Thursday, 28 July 2005

image for Al Gore Invents Broadcasting Company
Gourd To Network

New York, Tennessee, Washington and anywhere else he can find a soapbox---Al Gore, a self-described recovering political junk food junkie, is about to go on the ultimate power trip and launch his own cable network, broadcasting his brand of news starting out the gate in a calculatingly duplicitous effort to once more provide a double dose of double talk to the doubled over country. He says he will mostly work behind the scenes and pull invisible strings to help bring his side of things to all the folks all the time all over the place in order to build a likely political community thinking lightly.
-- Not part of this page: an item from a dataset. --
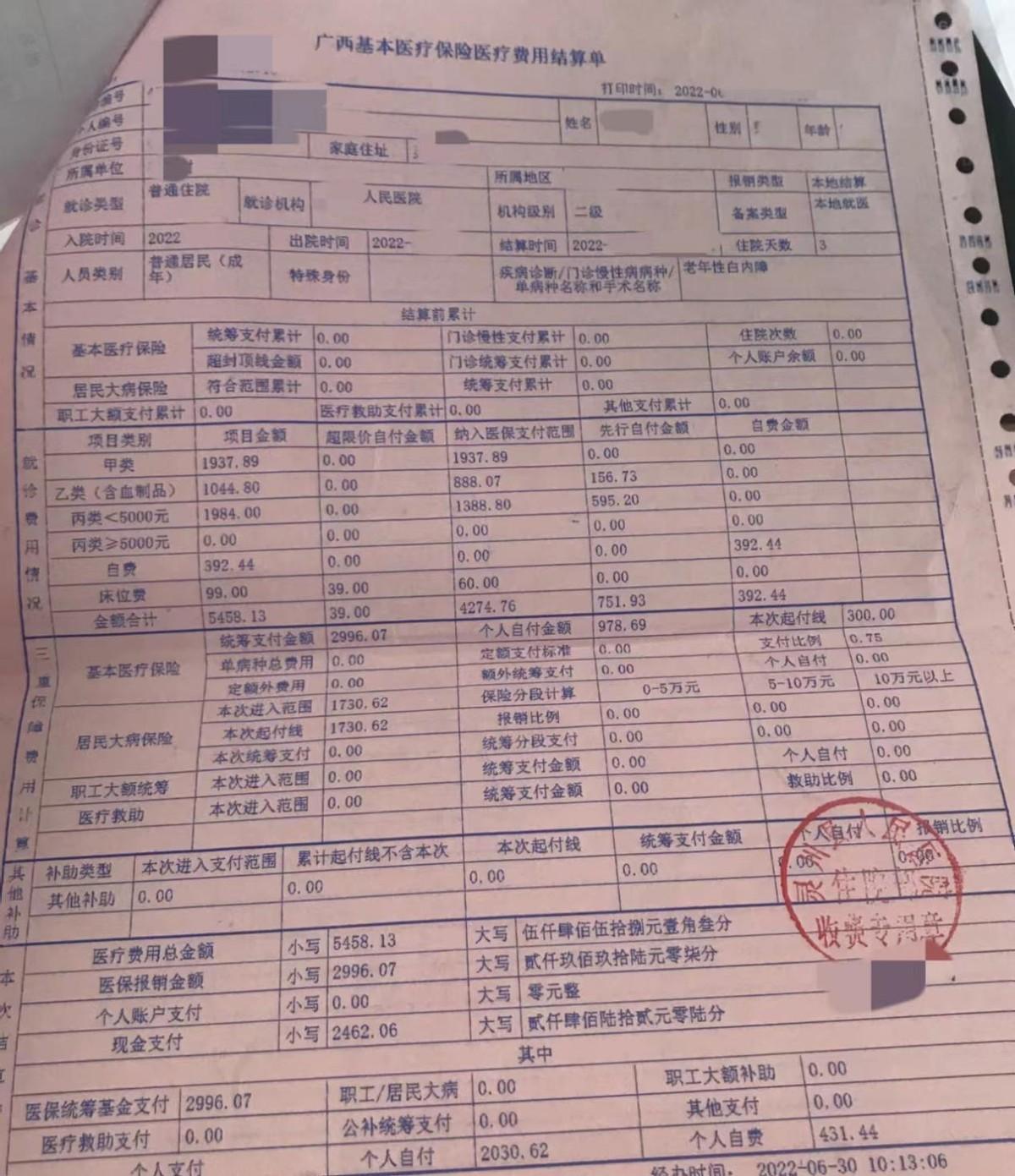 广西桂林一位53岁男士,因“老年性白内障”,前往灵川县人民医院住院治疗。医疗费用总计5458.13元,医保报销2996.07元,剩余2462.06元。减去自费金额、分类自付金额后,剩余费用报销90%,最终赔付1171.21元。

"I intend to bridge the hype between this presence on the internet and the real world of media frenzies and really explain what I think I am doing." A good think, too, since how could the world go on without knowing what Al Gore has to say or think.


He very well may have had an early childhood and family life but he does have a tendency to skip to the good parts, pretending that what he wants to do is amount to something in the adult world of public relations, hype and spin. He claims his experience working on a hog farm did nothing to prepare him for the trials and tribulations that were to come, but were a necessary part of life. "Farms are full of dirt and constantly in need of work and pigs are not appreciated for the time and effort needed to hog tie them to the sty of life. But that was where my Poppa chose to lay his political roost and I had to start somewhere."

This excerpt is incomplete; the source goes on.